In its judgment dated March 14, 2023 – I ZR 162/21, the Federal Court of Justice (BGH) addressed the question of whether and to what extent the managing director of a managing limited partner GmbH has a duty of care towards the KG (limited partnership).
Facts:
The defendant was the managing director of U. GmbH, which, in turn, was a limited partner of D. GmbH & Co. KG. According to the partnership agreement, the exclusive right to manage the partnership belonged to U. GmbH. The debtor was structured as a public limited partnership (Publikums-Kommanditgesellschaft). The debtor raised investor funds to make them available to the now insolvent D. AG. D. AG was supposed to use the loans to acquire real estate. The debtor intended to make distributions to investors with the agreed interest payments from D. AG. According to the loan agreement between the debtor and D. AG, the debtor’s loan claims should be extensively secured.
Contrary to the contractual agreement, the loan claims of the debtor were only partially secured.
After the insolvency proceedings were initiated against the debtor, the plaintiff insolvency administrator sought reimbursement from the defendant for partial loan amounts. The Regional Court ruled in favor of the plaintiff. The defendant’s appeal was unsuccessful, so he pursued his goal of dismissing the lawsuit with the permitted revision.

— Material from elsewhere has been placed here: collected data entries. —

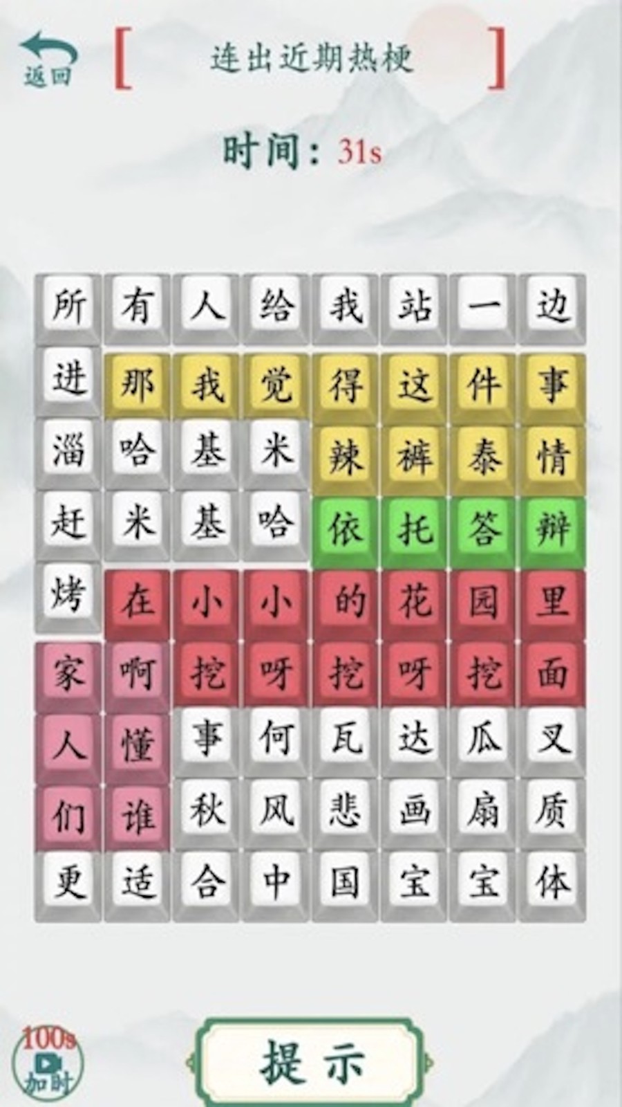 3、需求将对应的汉字梗填在所给出的空格中,以便进入下一关;
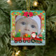 The square ornament is trimmed with a bright, cheerful border of snowflakes, holiday lights, and poinsettias, making it a beautiful addition to any holiday tree.
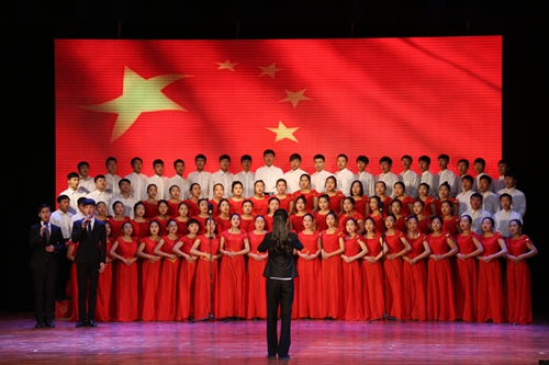 校合唱团演唱《红飘带》《红旗飘飘》
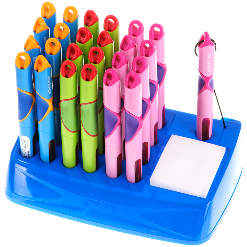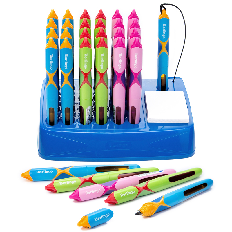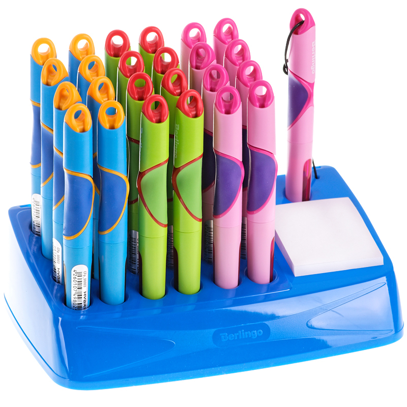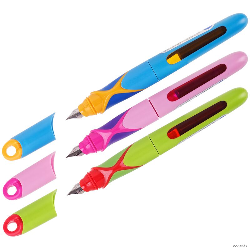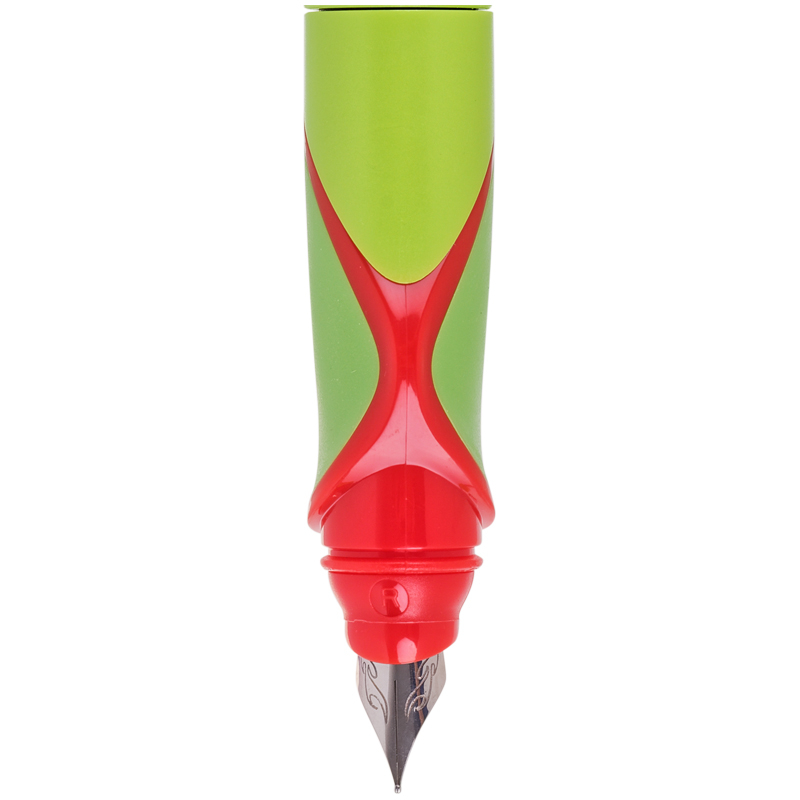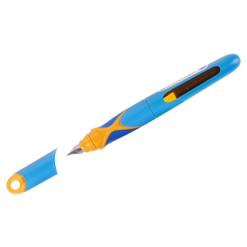 Яркая перьевая ручка в пластиковом корпусе. Эргономичный мягкий трёхгранный грип гарантирует комфортный захват и удобство использования ручки детьми.

Decision of the BGH: Claim for damages exists
The BGH affirms a claim for damages by the plaintiff against the defendant under Section 43(2) of the German Limited Liability Companies Act (GmbHG) due to negligent management since the KG (limited partnership) falls within the scope of protection of the organizational and employment relationship between the GmbH and the defendant.
A protective effect in favor of third parties is assumed whenever a third party comes into contact with the main performance as intended, and the creditor has a legitimate interest in including the third party within the scope of the contract’s protection. Furthermore, there must be a need for extending protection based on good faith (Treu und Glauben). Additionally, the inclusion of the third party must be known or at least recognizable to the party to be protected. In this case, all of these conditions are met.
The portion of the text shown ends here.